→ **Problem details**
Please write out every line of the listing without alteration, but omit the images.

→ **The data**
● ● ● ● ●
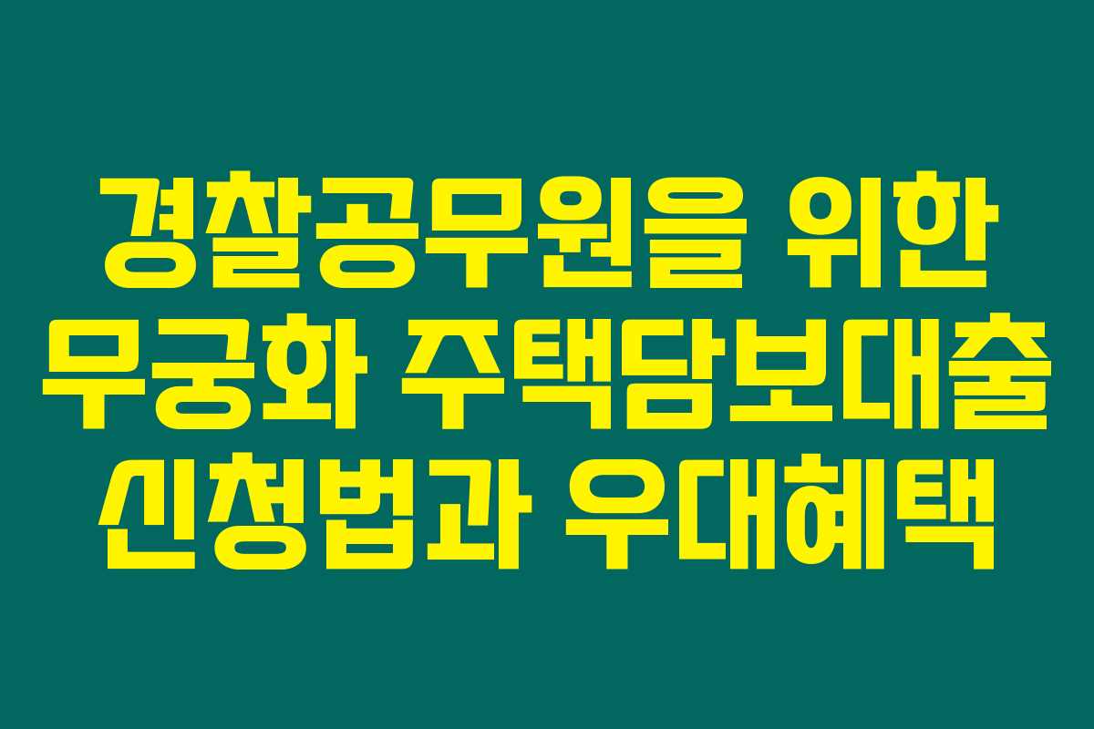제가 직접 경험해본 바로는, 무궁화 주택담보대출은 경찰공무원들에게 특화된 매우 유용한 대출 상품이에요. 저렴한 금리와 다양한 우대 혜택을 통해 주택자금을 보다 쉽게 마련할 수 있는 기회를 제공합니다. 아래를 읽어보시면 이 대출의 신청 방법, 자격 조건, 우대 혜택 등을 자세히 알 수 있을 것입니다.
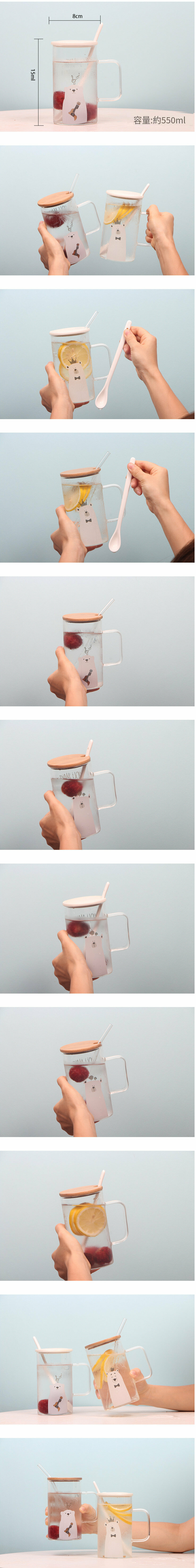 熱推玻璃杯 愛心熊【帶瓷蓋+勺+吸管+杯墊】
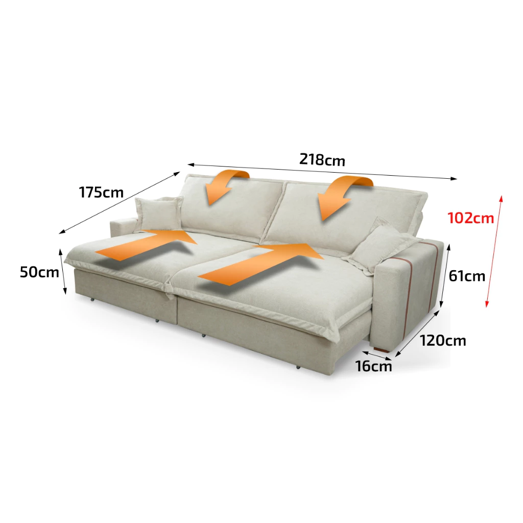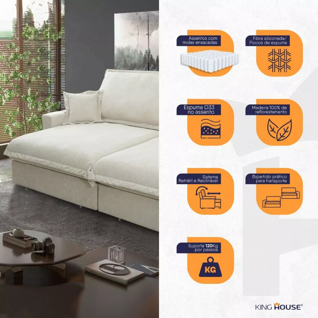 Sofá Retrátil Reclinável Nairobi 2,18m Bege Bouclê
● ● ● ● ●
→ **Solution to the problem**
제가 직접 경험해본 바로는, 무궁화 주택담보대출은 경찰공무원들에게 특화된 매우 유용한 대출 상품이에요. 저렴한 금리와 다양한 우대 혜택을 통해 주택자금을 보다 쉽게 마련할 수 있는 기회를 제공합니다. 아래를 읽어보시면 이 대출의 신청 방법, 자격 조건, 우대 혜택 등을 자세히 알 수 있을 것입니다.
 熱推玻璃杯 愛心熊【帶瓷蓋+勺+吸管+杯墊】
 Sofá Retrátil Reclinável Nairobi 2,18m Bege Bouclê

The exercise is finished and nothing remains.